Boatbuilding Process

Building a boat often comes from daydreaming. In my mind, I imagine what kind of boat I may be able to make with hazel sticks or oak ribs as a building block. I visualize the boat, make sketches, and draw a full-size lofting on paper to get an even better idea of how the actual boat will be shaped. Once visualization and planning are complete, I begin the boat building process--fathering and prepping wood, assembly, sewing on the fabric skin, and waterproofing--all the processes below. 

HAZELWOOD HARVEST: Hazelwood is everywhere in the Willamette Valley of Oregon. Not only are there thousands of acres of domestic hazel orchards, volunteer hazel bushes are ubiquitous. I have learned to spot long, straight hazel sticks from a distance. For this reason, it's better not to follow too closely behind me while I'm driving. Most wood is harvested in winter when the leaves have fallen off and the trees are dormant. If harvested with leaves, they need to be pruned. The wood is seasoned for a few weeks and maintains flexibility for several months.

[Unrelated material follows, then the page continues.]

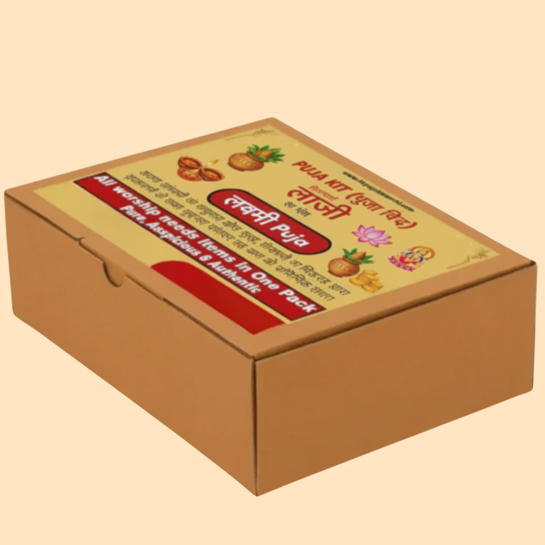 This kit includes all the essentials, such as roli, chawal, kalawa, haldi, sindoor, gulal, diya, kapoor, incense sticks, ghee, cotton wicks, supari, coconut, kalash, pooja cloths, coins, sweets, flowers, and decorative items. Every element is carefully selected to ensure purity and completeness, making it perfect for celebrating Lakshmi Puja at home, office, or shop.
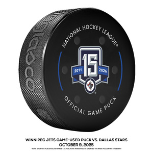 Winnipeg Jets Game-Used Puck vs. Dallas Stars on October 9, 2025 - Jets' Kyle Connor Hat Trick During Game & Jonathan Toews Return to NHLWinnipeg Jets Game-Used Puck vs. Dallas Stars on October 9, 2025 - ...

MAKING THE FRAME WITH STICKS: The traditional method of making a boat with hazel or willow is to place the rods in the ground in the shape of the boat, with the ribs spaced 5-6 inches apart. The boat is constructed upside down as the gunwale (pronounced "gunnel") is woven with willow or hazel sticks at ground level. Once the weaving is complete, the ribs are folded over, then the stringers are bent over the top of the ribs. The boat is tied like this to form a basket shape, and heavy weights are placed to hold it in shape and keep the bottom flat. After one week, the boat is dug up and may be covered with a skin. 

DRAWING PATTERN: Sometimes I draw full-size renderings of boats to help me visualize what the final boat will look like.

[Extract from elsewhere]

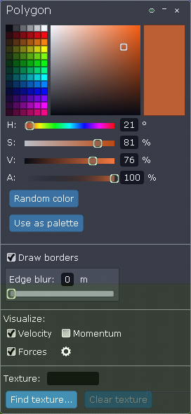 Můžeme měnit barvu, vykreslovat okraje (Draw borders) okolo objektů, zobrazit rychlost, hybnost, síly.

MAKING THE FRAME WITH STICKS AND MILLED WOOD: Once the shape and dimensions of the boat are determined, the gunwale may be shaped with milled wood. After that, the round sticks may be used instead of milled wood. Green ribs are flexible, do not need to be steamed and bent, and will hold their shape once they are stabilized with lashings. Round ribs form a solid yet flexible hull in skin-on-frame boats.

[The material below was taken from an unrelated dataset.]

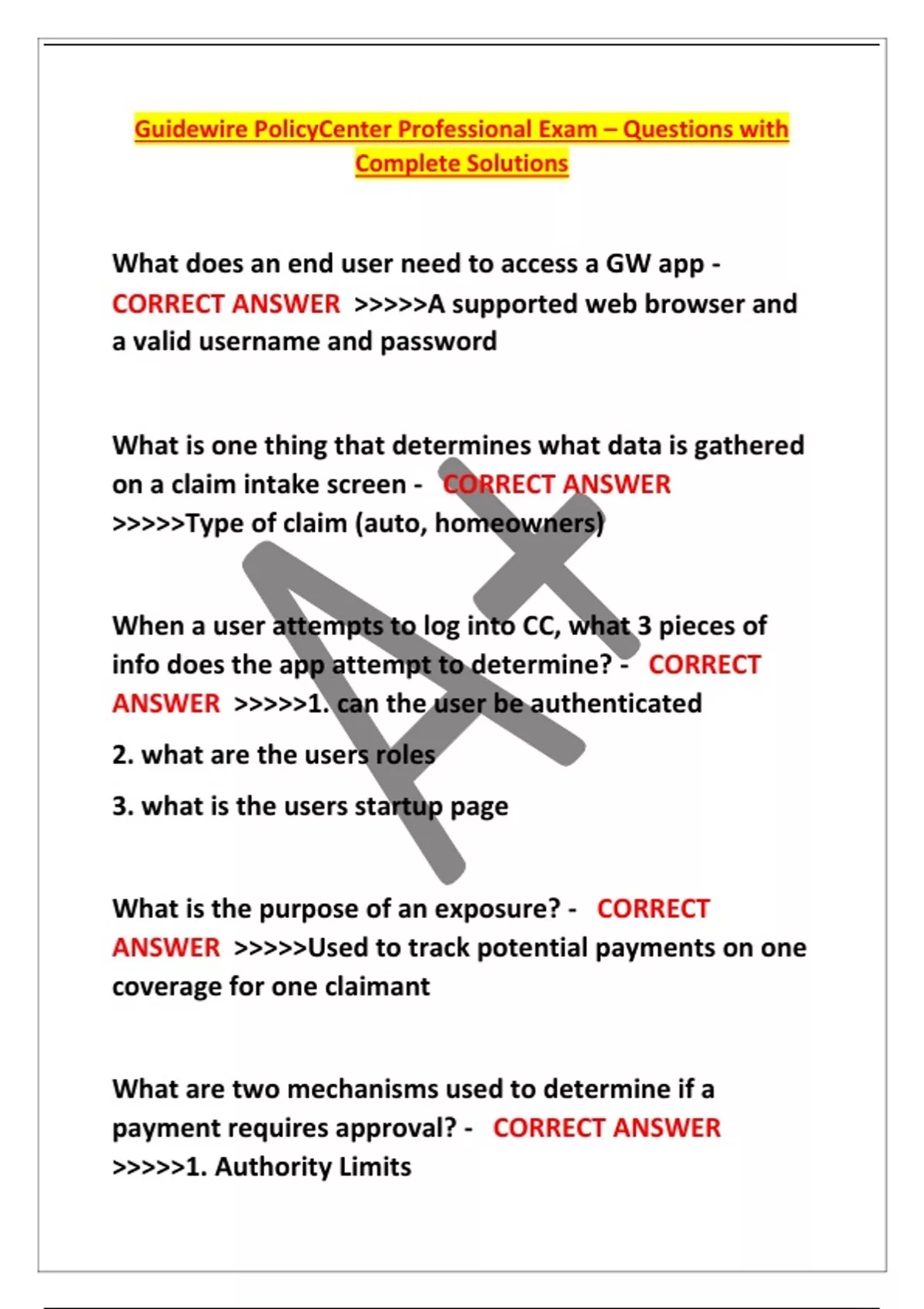 Guidewire PolicyCenter Professional Exam – Questions with

FINISHING TOUCHES ON THE FRAME: Finishing touches on the frame may include attaching the cockpit coaming. Other boats may have artwork burned or painted on the decks.

TESTING THE FRAME: Once a boat is complete, I often wrap it in plastic and duct tape and test it in the river for a few minutes. It's easy to discern if the boat is going to track straight and be stable using this method.

APPLYING THE SKIN: The skin may be leather hides sewn together, tar and canvas, or ballistic nylon. Other eco-friendly fabrics may also be available. These days I use ballistic nylon, which is kept cool and wet while stretching and attaching it to the wooden frame. The fabric is then ironed or dried with a heat gun to encourage shrinkage.

SHRINKING, COLORING, AND WATERPROOFING THE SKIN: I use urethane to waterproof the fabric. Some builders use exterior latex house paint. New eco-friendly technologies are being developed in this area, too.

FINISHING TOUCHES: Finishing touches may include adding leather straps to the hull and making custom paddles. I have also explored making sails.